In the entries that follow, find the line containing "Vista general de"; from there, copy every line exactly through the line containing "Базовые блоки Navi".

RECORDS FOR THE TASK
——

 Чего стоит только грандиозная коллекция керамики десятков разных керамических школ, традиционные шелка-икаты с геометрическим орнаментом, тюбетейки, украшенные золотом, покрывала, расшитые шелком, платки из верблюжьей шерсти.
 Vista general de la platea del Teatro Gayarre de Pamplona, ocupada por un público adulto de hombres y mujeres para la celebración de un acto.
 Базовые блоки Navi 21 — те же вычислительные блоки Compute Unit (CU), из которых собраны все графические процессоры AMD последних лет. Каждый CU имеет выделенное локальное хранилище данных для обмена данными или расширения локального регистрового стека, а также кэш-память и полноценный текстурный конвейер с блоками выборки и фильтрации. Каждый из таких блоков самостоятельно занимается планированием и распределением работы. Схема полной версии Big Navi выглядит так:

——

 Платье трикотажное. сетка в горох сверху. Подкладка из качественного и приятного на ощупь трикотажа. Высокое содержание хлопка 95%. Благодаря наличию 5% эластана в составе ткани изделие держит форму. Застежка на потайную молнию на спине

——

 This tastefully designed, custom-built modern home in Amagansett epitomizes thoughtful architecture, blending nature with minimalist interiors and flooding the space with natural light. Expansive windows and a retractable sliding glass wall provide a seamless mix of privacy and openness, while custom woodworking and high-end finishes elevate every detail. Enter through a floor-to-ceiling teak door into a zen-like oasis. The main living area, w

——

SOLUTION TO THE PROBLEM
 Vista general de la platea del Teatro Gayarre de Pamplona, ocupada por un público adulto de hombres y mujeres para la celebración de un acto.
 Базовые блоки Navi 21 — те же вычислительные блоки Compute Unit (CU), из которых собраны все графические процессоры AMD последних лет. Каждый CU имеет выделенное локальное хранилище данных для обмена данными или расширения локального регистрового стека, а также кэш-память и полноценный текстурный конвейер с блоками выборки и фильтрации. Каждый из таких блоков самостоятельно занимается планированием и распределением работы. Схема полной версии Big Navi выглядит так:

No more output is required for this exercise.